---------- INPUT MATERIAL ----------

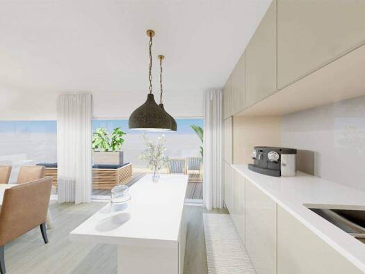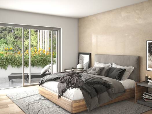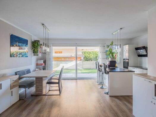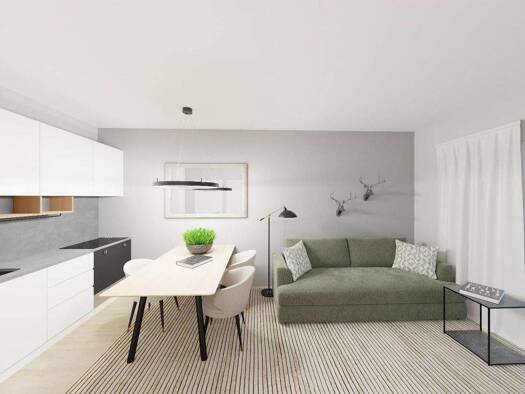 U5: Diese moderne 3-Zimmer-Wohnung im 1. Stock bietet hohen Wohnkomfort in einer ruhigen Umgebung. Der offene Wohnbereich mit integrierter Küche öffnet sich zu einem sonnigen Balkon, ideal, um den Ta...
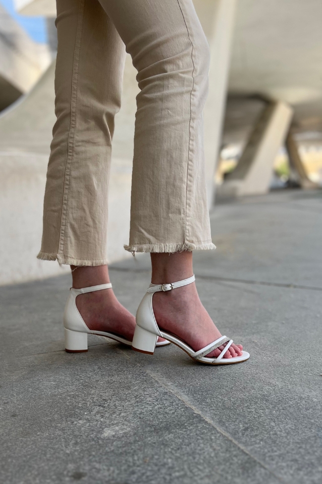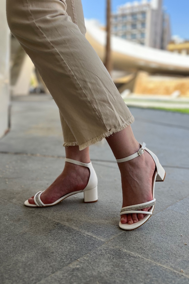 Πέδιλο δερματίνη με χοντρό χαμηλό τακούνι και λουράκια με στρας – Λευκό
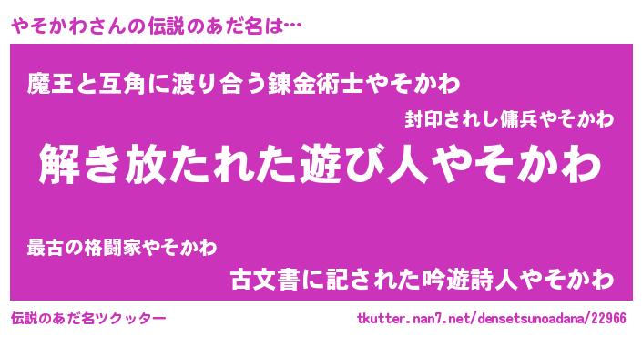 | 男性向けラノベタイトル風あだ名 | 『Re:やそかわから始める異世界生活』 |
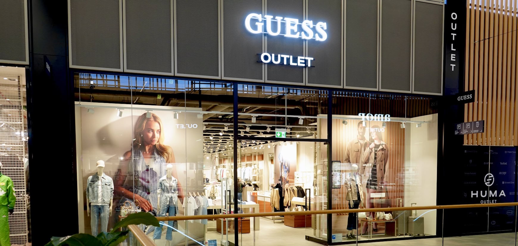The redesigned exterior façade of HUMA WELT draws visitors' attention to the outlet with significant advertising motifs and an eye-catching color scheme. Special signage concepts, illuminated lettering and innovative design elements in the center as well as in the parking garages guide smart shoppers to the urban outlet level.
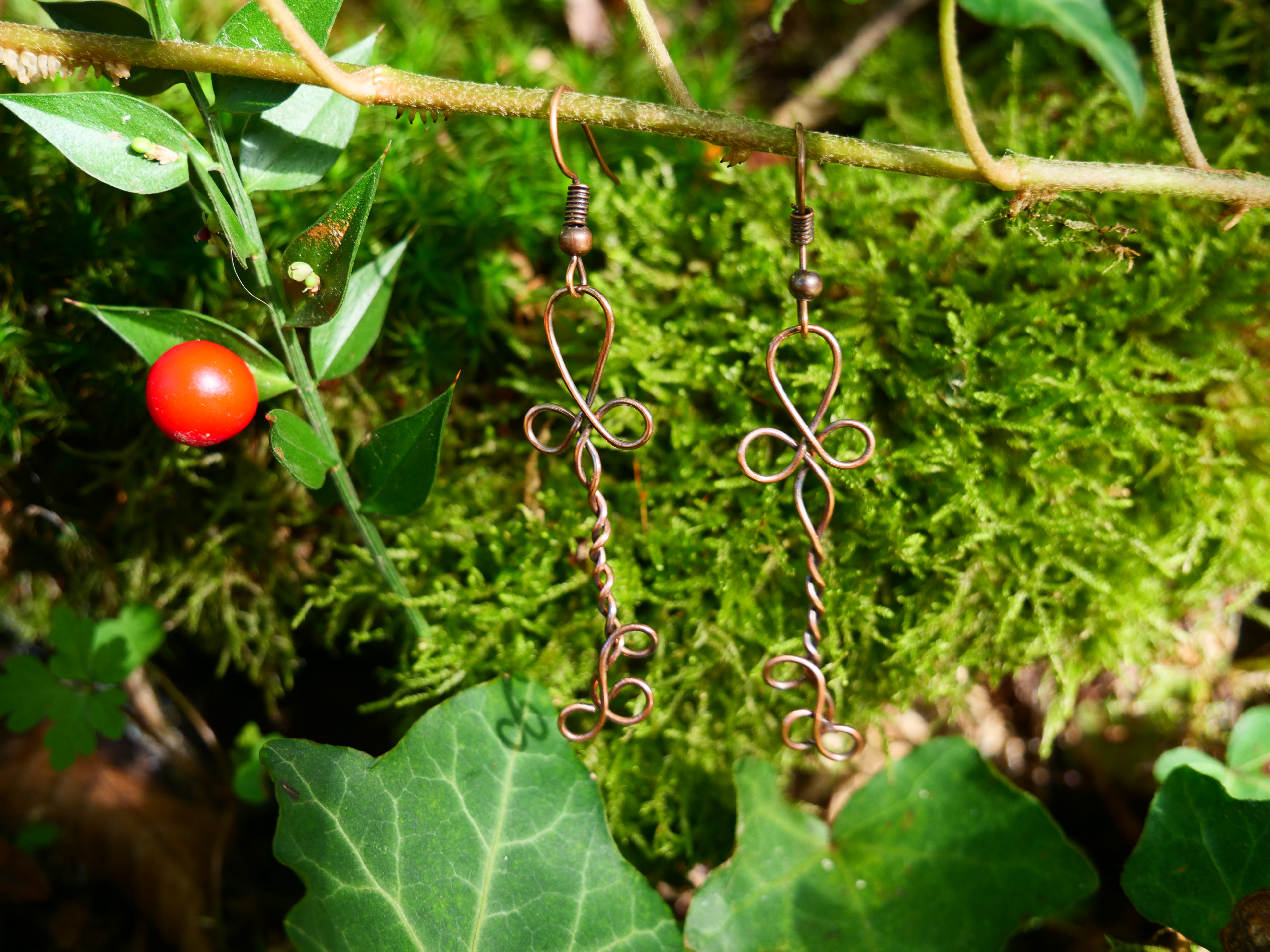 Boucles d'oreilles créés en fil de cuivre vieilli, sans nickel / plomb / cadmium, (il changera de teinte naturellement dans le temps).
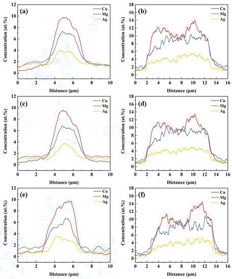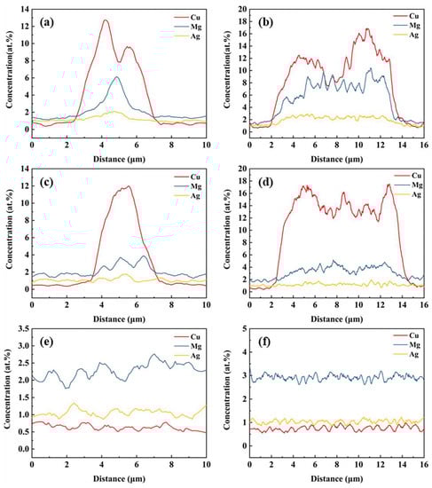 Figure 12 shows the elemental distributions along L1 and L2 at 400 °C, 450 °C and 500 °C. Compared with low-temperature data (see Figure 7e–f), Mg and Ag concentrations along L1 and L2 are decreased at 400 °C and the segregation of Ag disappears. When the temperature rises to 450 °C, the segregation of Mg along L1 and L2 is also removed, which is in keeping with the diminished XRD peaks in the S phases at 450 °C (see Figure 9). This suggests that diffusion of Ag and Mg from the S phase into the matrix is probably only activated above 300 °C and completed at 450 °C, transforming the S phase into the θ phase. Figure 12e,f show that the θ phases are dissolved when homogenizing at 500 °C.
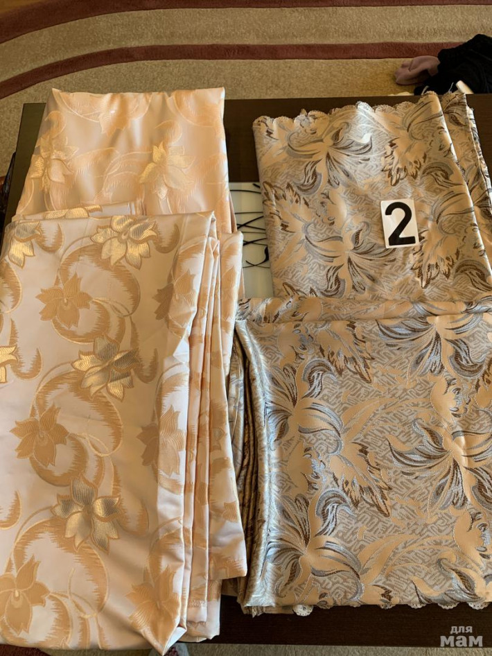 2). бежевые с серебром и коричневым . Ширина 1,60. Высота 2,75( не подшиты) цена 1200₽
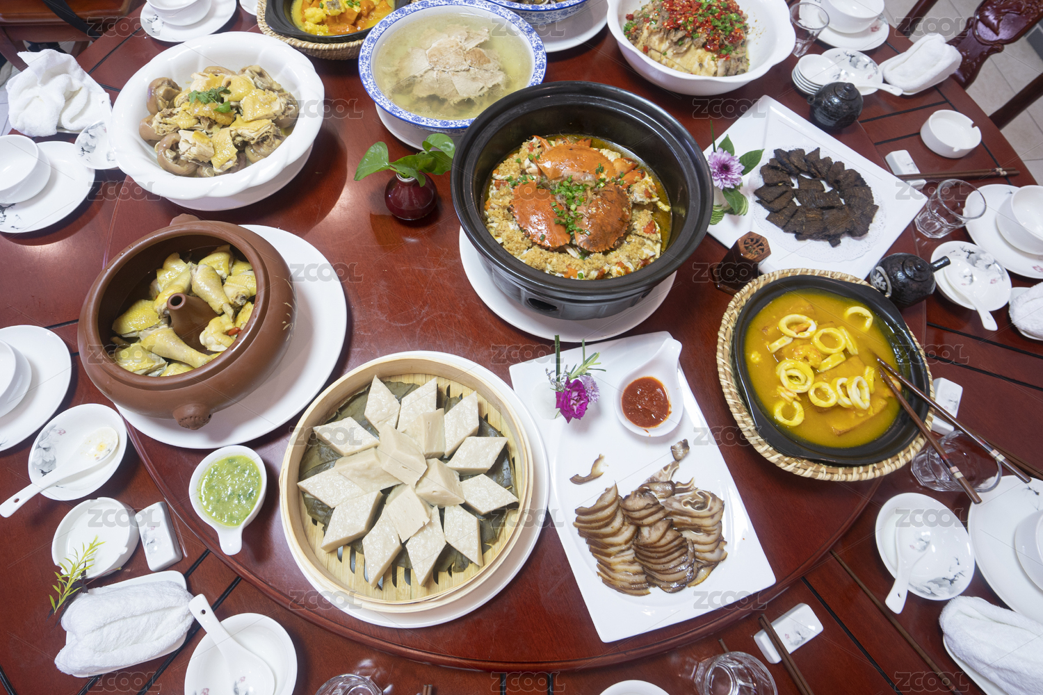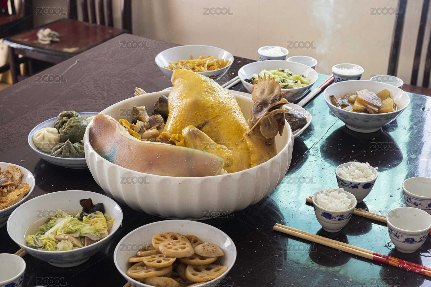 豐盛的雞湯宴席
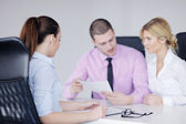 Młoda para klientów i doradcy lub agenta mówisz dyplomat
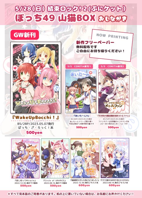 夏コミ新刊のぼざろ本、ごちうさ本、ごちうさ総集編の3種はメロンブックスさまと虎の穴さまで委託をお願いしています! どれも楽しい本になりましたので、どうぞよろしくお願いします✨ 🍈melonbooks.co.jp/circle/index.p…… 🐯ecs.toranoana.jp/tora/ec/cot/ci…
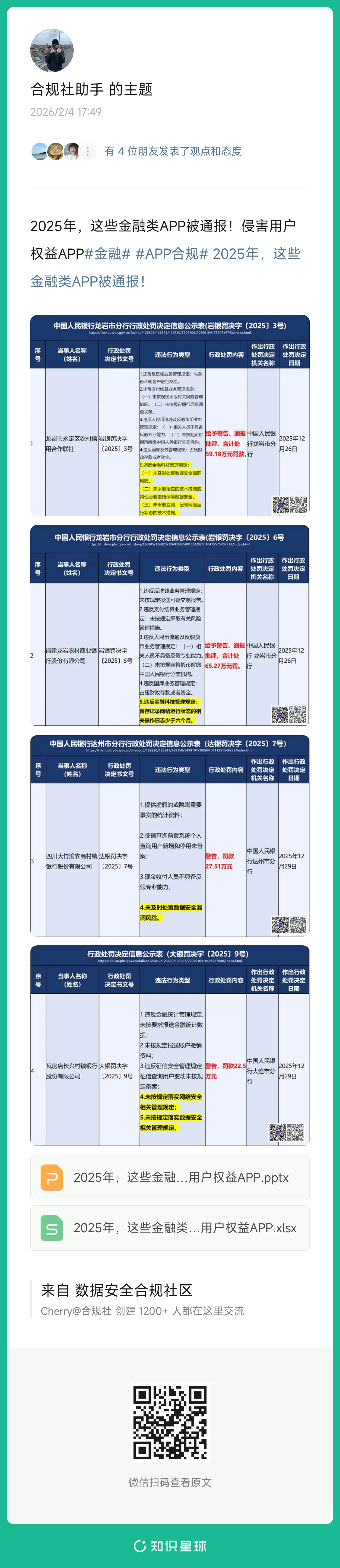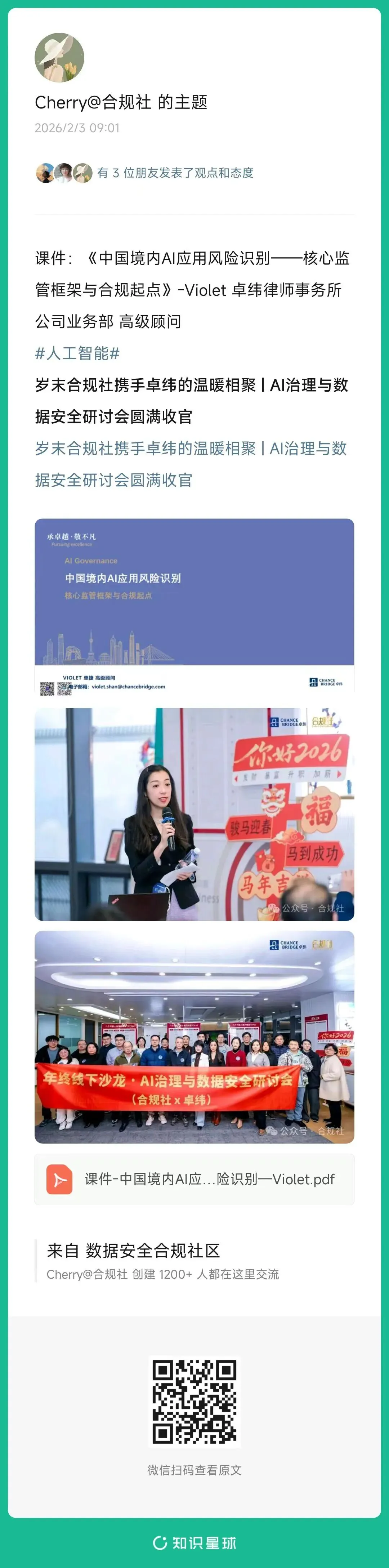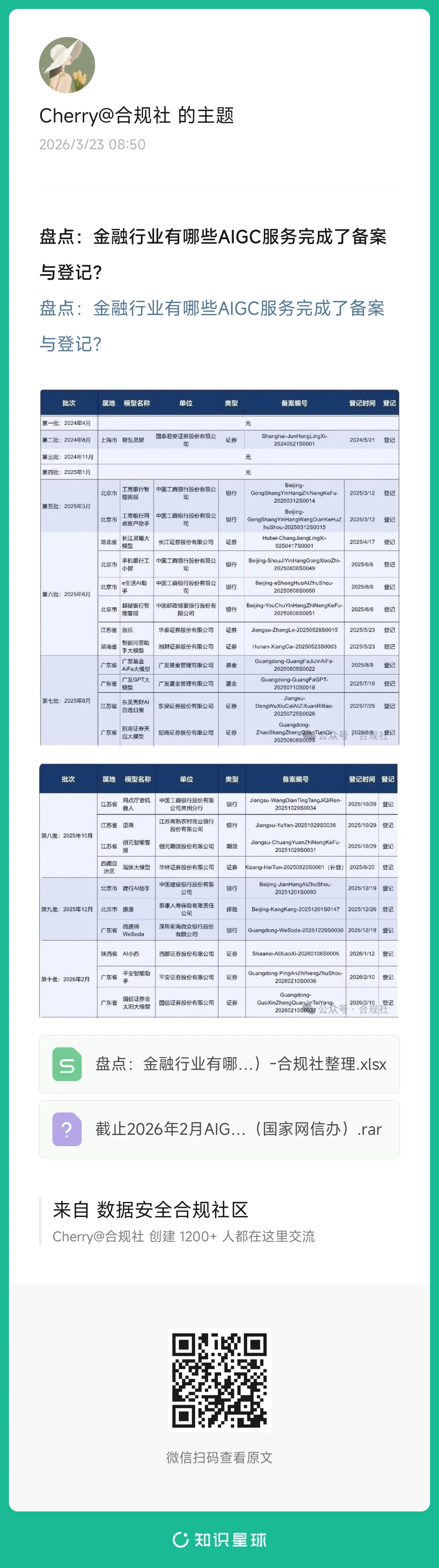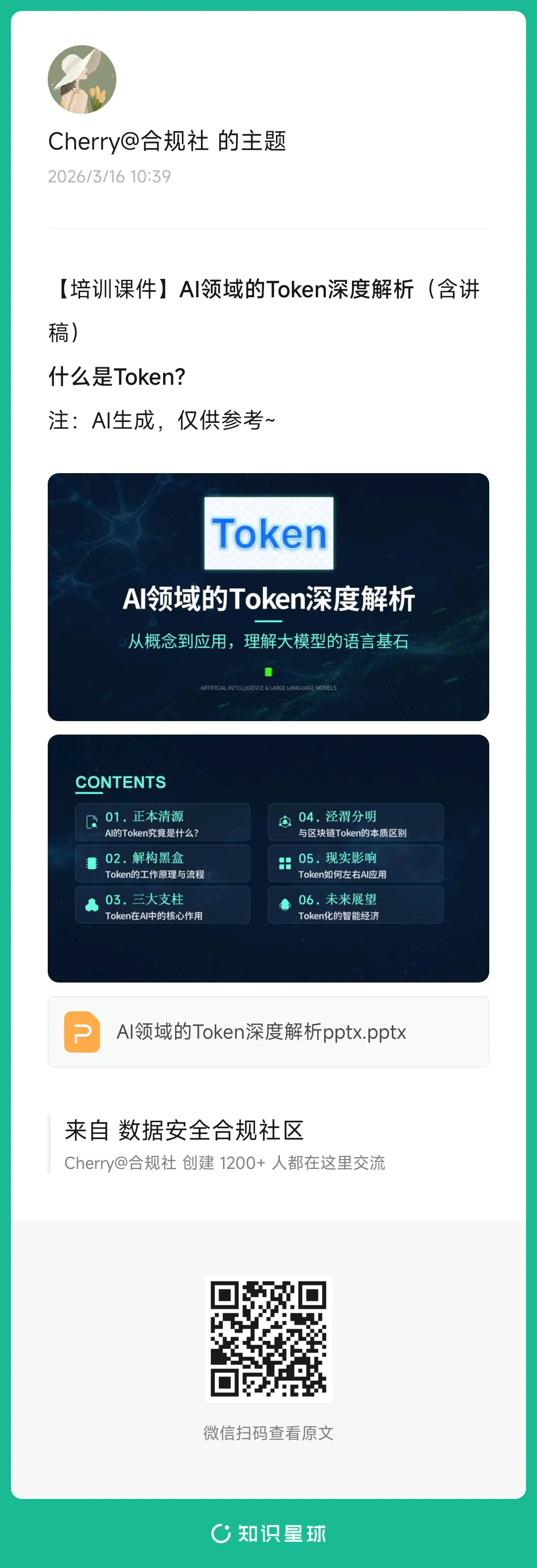 知识星球2-3月热门下载 | 14份可编辑PPT、评估报告模板等探寻合规之道,共筑数据保障之堡。专注为数据安全管理者、技术专家、隐私法务、律师等专业人士打造的知识共享与交流平台。点击 "合规社" > 点击右上角“···” > 设为星标⭐📖 推荐阅读:知识星球往期精选知识星球三月资料更新&精华帖 (可下载)四月这些干货你下载了吗?星球用户激励放送 | 福利实用干货、速来围观 | 合规社知识星球社区热帖(5-6月)13个精华主题 | 合规社知识星球社区热帖(7-8月)这些课件可下载!知识星球9月热帖&用户福利发放!星球社区10-11月热帖,会员不限下载!星球会员已1126位!超值宝藏社区,海量干货尽在这里 →数据安全合规社区:500天,再出发!领导转了合规社的汇编,太全了,打开5s就决定付费支持 | 星球12月热帖星球年度十大热门主题揭晓&1月下载榜单荣誉榜 | 合规社2025年度获奖名单
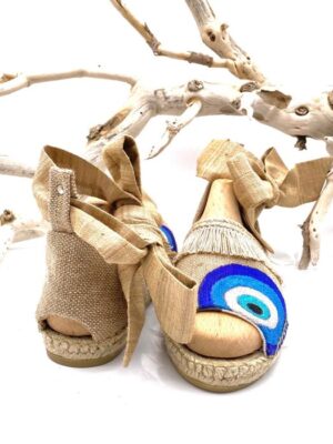 Γυναικείες χειροποίητες , μοναδικές, φλατ εσπαντρίγιες σε νούμερο 37. Κατασκευασμένα εξ ολοκλήρου χειροποίητα. Συναρμολογημένες με χειροραφή με κηροκλωστή. Αυθεντικός ισπανικός πάτος. Μπροστινό κομμάτι ραμμένο από λινάτσα αρίστης ποιότητας με ζωγραφισμένο στο χέρι “μάτι” και επιπλέων στολισμένο με μια όμορφη τρέσα με κρόσι. Εσωτερικά βαμβακερή φόδρα. Πίσω στην φτέρνα μεταξωτή κορδέλα για δέσιμο στο αστράγαλο. Είναι ένας τέλειος συνδυασμός άνεσης και ποιότητας. Σχεδιασμένο και δημιουργημένο με πολύ μεράκι . Η σόλα είναι κατασκευασμένη από αντιολισθητικό λάστιχο. Ιδανικό για στυλάτες εμφανίσεις όλες τις ώρες της ημέρας. Όλα τα υλικά που χρησιμοποιηθήκαν είναι eco. Μια επιλογή για εσάς που έχετε την οικολογική συνείδηση. Δυνατότητα παραγγελίας για άλλο μέγεθος
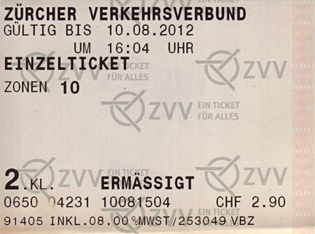 Galerie Tarifverbünde Schweiz 24/24 Zürcher Verkehrsverbund: Einzelbillett des Zürcher Verkehrsverbund ZVV für eine Zone auf eigenem Papier mit Logo. Die Zonennummern waren damals noch zweistellig.

----------

### EXERCISE DIRECTIONS
Could you repeat, exactly, only the lines above starting at the one that has "2). бежевые с" and stopping after the one that has "Młoda para klientów", without the pictures?

### SOLUTION TO THIS TASK
 2). бежевые с серебром и коричневым . Ширина 1,60. Высота 2,75( не подшиты) цена 1200₽
 豐盛的雞湯宴席
 Młoda para klientów i doradcy lub agenta mówisz dyplomat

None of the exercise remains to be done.